Alternative real estate assets in Switzerland include:

  • Student Housing: Residential properties specifically designed for students, typically located near universities.
  • Senior Living Facilities: Housing options for the aging population, ranging from independent living to assisted living and nursing care.
  • Data Centers: Facilities designed to house computer systems and associated components, essential due to the growth of data and cloud computing.
  • Self-Storage Units: Secure spaces for individuals and businesses to store belongings, highly demanded in urban areas.
  • Hospitality Properties: Hotels, resorts, and short-term rental units in popular tourist destinations or business hubs.
  • Co-working Spaces: Shared office environments catering to freelancers, startups, and remote workers.
  • Agricultural Land: Governed by specific regulations, only approved buyers intending to use the land for agricultural purposes can purchase smaller plots.

Benefits:

  • Diversification: These assets help diversify investment portfolios, reducing cluster risk.
  • Growth Potential: Certain asset classes, like data centers and healthcare facilities, are poised for significant growth due to digitalization and demographic trends.
  • Reduced Market Correlation: Alternative assets may not follow the same market dynamics as traditional commercial or residential properties, offering further risk diversification.

Challenges:

  • Market Knowledge: Specialized knowledge and understanding of niche markets are required, posing a barrier to entry for some investors.
  • Management Complexity: These properties often need specialized management and expertise, adding complexity and expenses compared to conventional properties.
  • Regulatory Considerations: Some asset classes, such as agricultural land, are subject to stringent regulations.

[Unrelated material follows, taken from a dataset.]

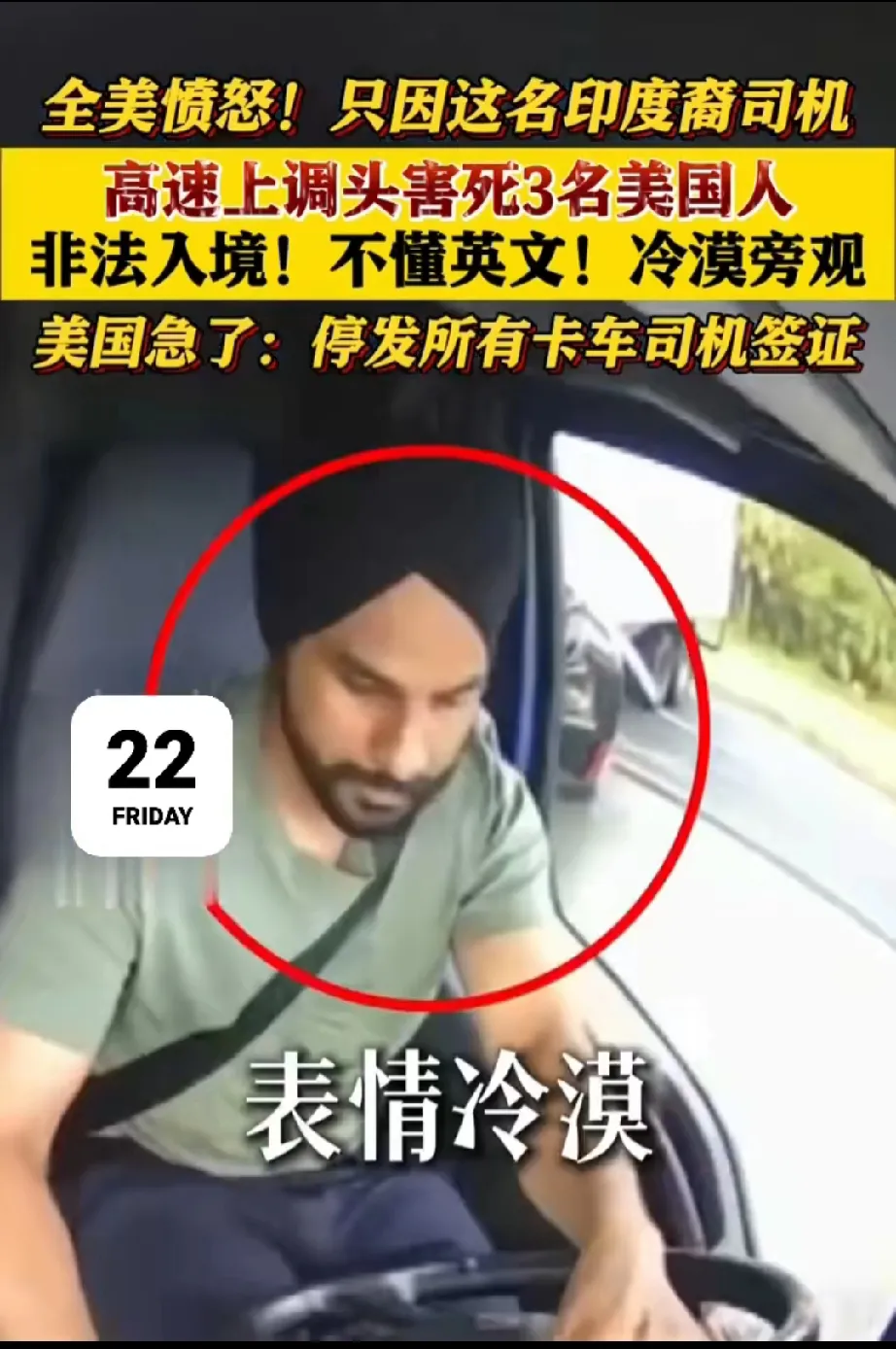 一场本可避免的悲剧,正撕裂着美国的移民共识。美国人这回真怒了,日前,一名持工作签证入境的印度裔卡车司机在高速路违规掉头,酿成3名美国公民死亡的惨剧。现场视频显示,涉事司机事发后漠然的态度更是点燃全民怒火 事司机被曝英语沟通能力存疑,如何通过需英语考核的商业驾照,竟然开着大卡车在美国高速上随意掉头,于是就发生了这起三名美国公民遇难的惨烈车祸! 更让人气愤的是这个印度裔司机在车祸发生后竟然还毫不在意,现场画面让整个美国人民都咬牙切齿! 都说美国是个移民国家,这件事也许会让美国政府不得不把不移民文化素质的要求写进移民条件里面去!

The Lex Koller law restricts the purchase of real estate by foreign non-residents to ensure property prices remain affordable for Swiss residents. Here’s how it affects different types of properties:

  • Commercial Properties: Lex Koller does not apply, so non-residents can purchase office buildings, retail spaces, hotels, and other commercial real estate without needing a special permit.
  • Residential Properties:
    • EU/EFTA Nationals and Permanent Residents: Can purchase residential properties without special permits, just like Swiss nationals.
    • Non-EU/EFTA Nationals Living in Switzerland: Need authorization to purchase certain types of real estate, such as holiday homes, serviced apartment units, and second homes. May freely purchase a first residence. 
    • Non-Resident Foreigners: Always need authorisation to buy real estate.